I’m proud to be with you today on behalf of the 630,000 dedicated women and men of the United States Postal Service.
On June 15th, I became America’s 75th Postmaster General. Since that time, for a variety of reasons, there has been a great deal of attention to the Postal Service by our elected officials, the media and the American people.
I want to begin by assuring this committee and the American public that the Postal Service is fully capable and committed to delivering the nation’s ballots securely and on-time.
This sacred duty is my number one priority between now and election day.
To be clear, we will do everything we can to handle and deliver Election Mail in a manner consistent with the proven processes and procedures that we have relied on for years. Nevertheless, I encourage all Americans who choose to vote by mail to request their ballots early and to vote early, as a common sense best practice.
As part of this conversation, there are many inaccuracies about my actions that I wish to again correct.
First, I did not direct the removal of blue collection boxes or the removal of mail processing equipment.
Second, I did not direct the cut back on hours at any of our post offices.
Finally, I did not direct the elimination or any cutback in overtime.
I did however suspend these practices, to remove any misperceptions about our commitment to delivering the nation’s election mail.
Any further assertions by the media or elected officials is furthering a false narrative to the American People.
Now let me describe the two actions I have taken in the 70 days since my appointment.
I came to the Postal Service with decades of experience in solving large and complex logistical problems.
I planned to use this experience to help lead the operating change required for the Postal Service to grow and embark on a path of sustainability.
On the day of my swearing in-the Postal Service Inspector General issued an astonishing report about the schedule delays in Postal Service transportation and the substantial cost associated with our weakness in this fundamental operating principle.
Upon review, I directed the Postal Service operations team to develop and execute on a plan to improve our adherence to the transportation schedules of our over 40,000 trips a day.
We have accomplished this goal-as our on-time departures are approaching 98% and wasteful extra trips are down by over 70%.
While we have had a temporary service decline which should not have happened, we are fixing this.
In fact, as of last week, service improved across all major mail and package categories, and I am laser-focused on improving service for the American public.
The second of two changes I’ve made while Postmaster General is installing a new organizational reporting structure to better align talent and resources, to instill greater accountability for performance and to focus the organization on service and growth.
These two changes, creating our new on-time transportation network and designing an engaged functional organizational structure, will be the catalyst for the significant improvements in cost, performance and growth that I plan for this vital American Institution.
Madam Chairwoman, the women and men of the Postal Service have demonstrated extraordinary commitment to our mission of service throughout the COVID-19 pandemic.
In every community in America, we continue to work to keep our employees and customers safe as we fulfill our essential role in delivering the medications, benefit checks and financial statements the public depends upon.
Since the beginning of the pandemic, there has been a public outpouring of support for our postal employees as they performed their essential service throughout the nation.
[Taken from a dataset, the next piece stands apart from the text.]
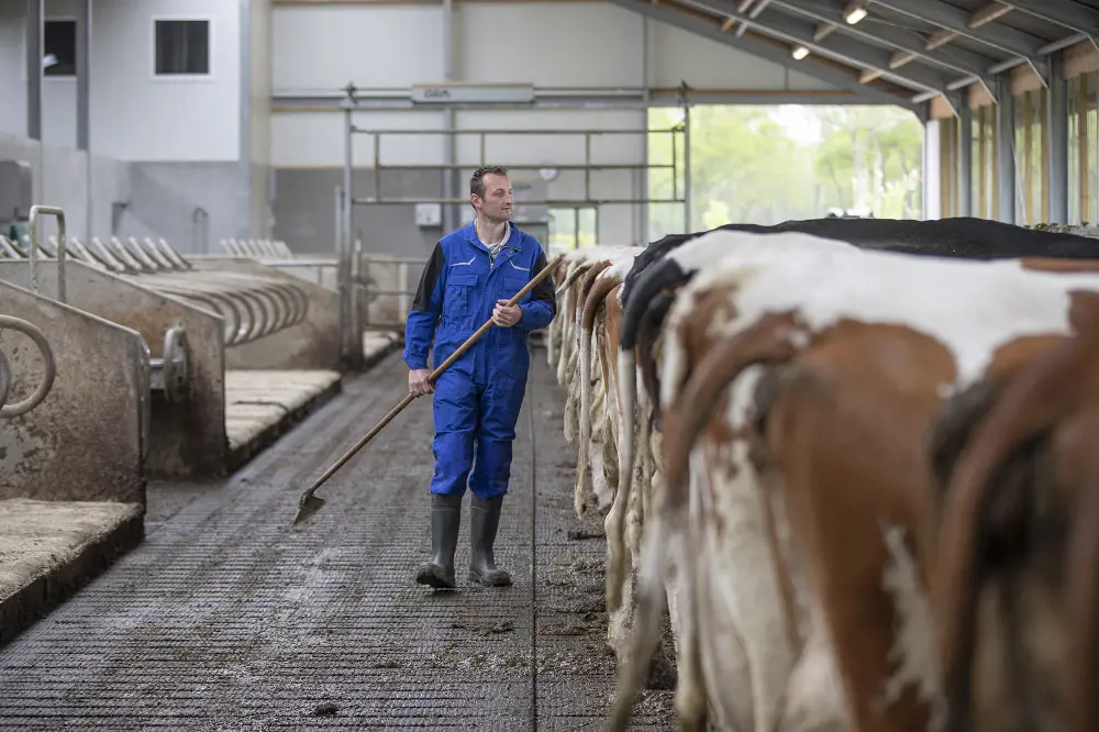 Hij praat liever over zijn nieuwe stal. Bijvoorbeeld over de emissiearme vloer met een rubberen toplaag en kleppen tussen de vloerdelen om de urine snel af te voeren. “Volgens de geleerde heren komt er minder ammoniak vrij. Prima, maar voor de koeien is het rubber belangrijker. Deze vloer is goed voor hun klauwen, de grip is super. Ik heb nog nooit een koe zien uitglijden.”

This is a well-deserved testament to their dedication.
Chairwoman Maloney; Ranking Member Comer; I hope we can agree that the financial state of the Postal Service is unacceptable and needs to be fixed.
I look forward to working with you and this committee and our stakeholders to restore the financial health of the United States Postal Service and to improve the way we serve the American public.
This concludes my remarks. I welcome any questions that you and the committee may have.”